Пятьдесят восьмой кабинет, в котором вел мои допросы Солонченко, был, пожалуй, самым роскошным в следственном отделении (говорили, что его используют для допроса иностранцев). Много свободного пространства, хрустальная люстра под потолком, мягкий диван – как раз рядом со столиком допрашиваемого. Над столом следователя – стандартный портрет Ленина, на столе – фотография дочки.
Сам Солонченко – широкоскулый здоровяк с маленькими глазками на круглом лице – старался держаться со мной корректно, но не формально. Он любил подчеркивать, что у нас с ним немало общего, а потому мы могли бы понять друг друга. Когда я спросил как-то о его возрасте, он ответил уклончиво: "Немного старше вас".
С первого же допроса он всячески демонстрировал мне, что ничто человеческое ему не чуждо, вспоминал свои студенческие годы.
– Я помню, как это было трудно – весь день сидеть над книгами и конспектами, готовясь к экзаменам, – говорил он. – Поэтому, если вы вдруг устанете, не стесняйтесь встать из-за стола, размяться.

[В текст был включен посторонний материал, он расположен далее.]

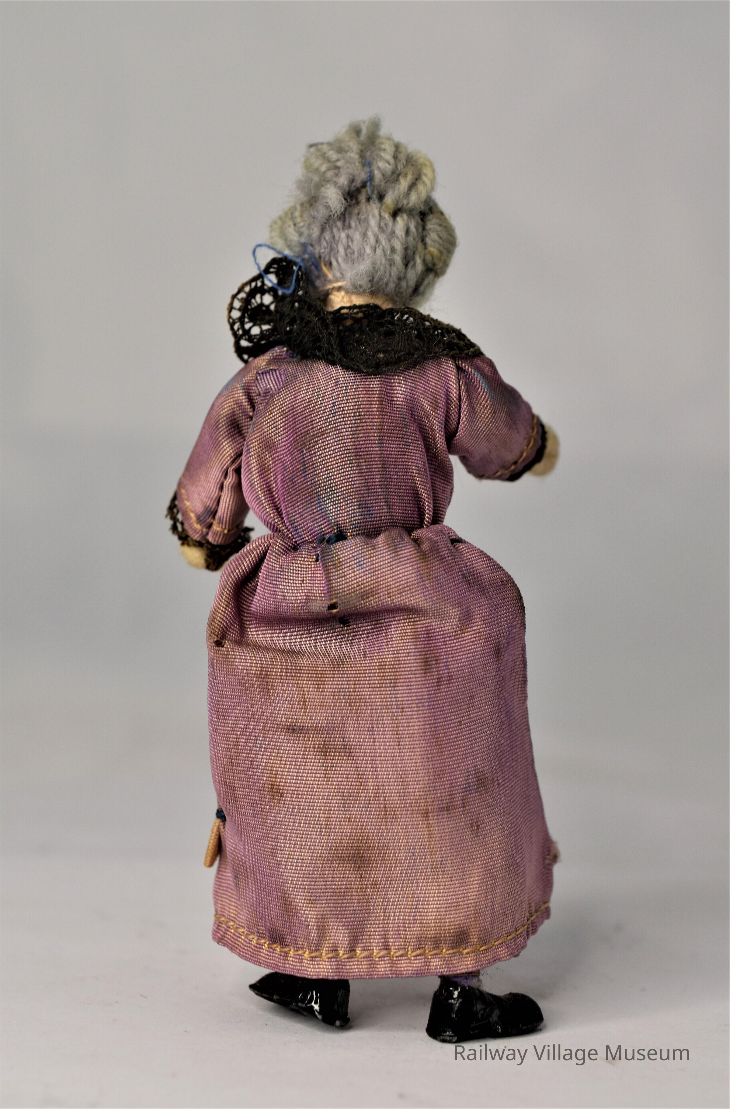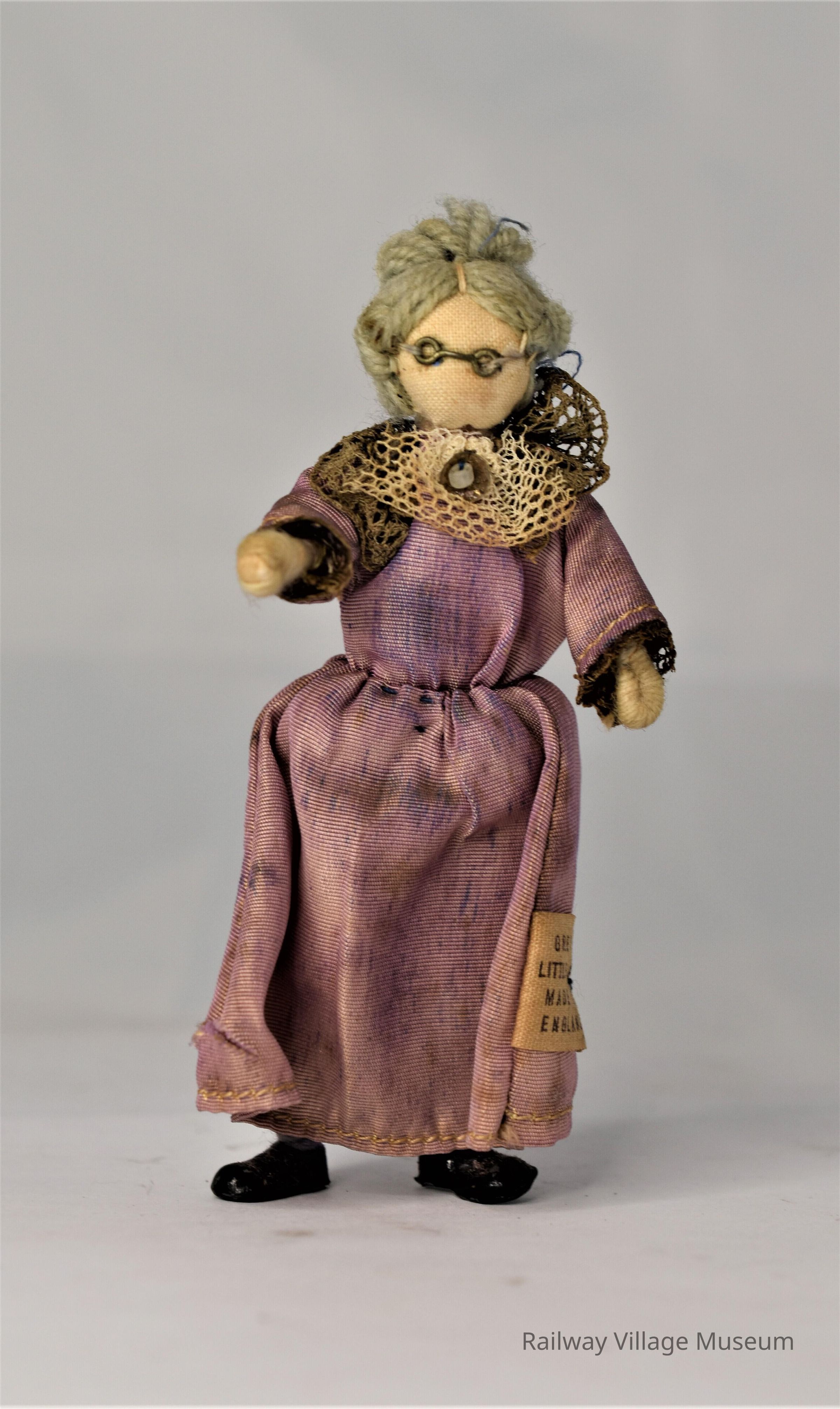 A grandmother doll, made by Grecon Dolls. Everything about her is original. Her hair is made from gray yarn. Her glasses is a piece of wire sewed to her head. The rest of her is a combination of cloth, yarn, and metal.Lexicon

Ему не пришлось просить меня дважды. Я принялся на допросах регулярно заниматься гимнастикой, выбирая для этого наиболее напряженные моменты беседы. Задает мне Солонченко какой-то каверзный вопрос – я, записав его на бумажку, задумываюсь над ответом. Потом говорю:
– Пардон, я, кажется, ногу себе отсидел.
Встаю и начинаю массировать мышцы. Он ждет. Я приседаю раз десять. Он начинает нетерпеливо постукивать пальцами по столу. Я делаю у стены стойку на голове.
– Ну, это уж слишком, Анатолий Борисович!
– Ничего не слишком, – невозмутимо говорю я, продолжая стоять вниз головой. – Это очень помогает. Вы же заинтересованы в том, чтобы я дал вам полноценный ответ, верно?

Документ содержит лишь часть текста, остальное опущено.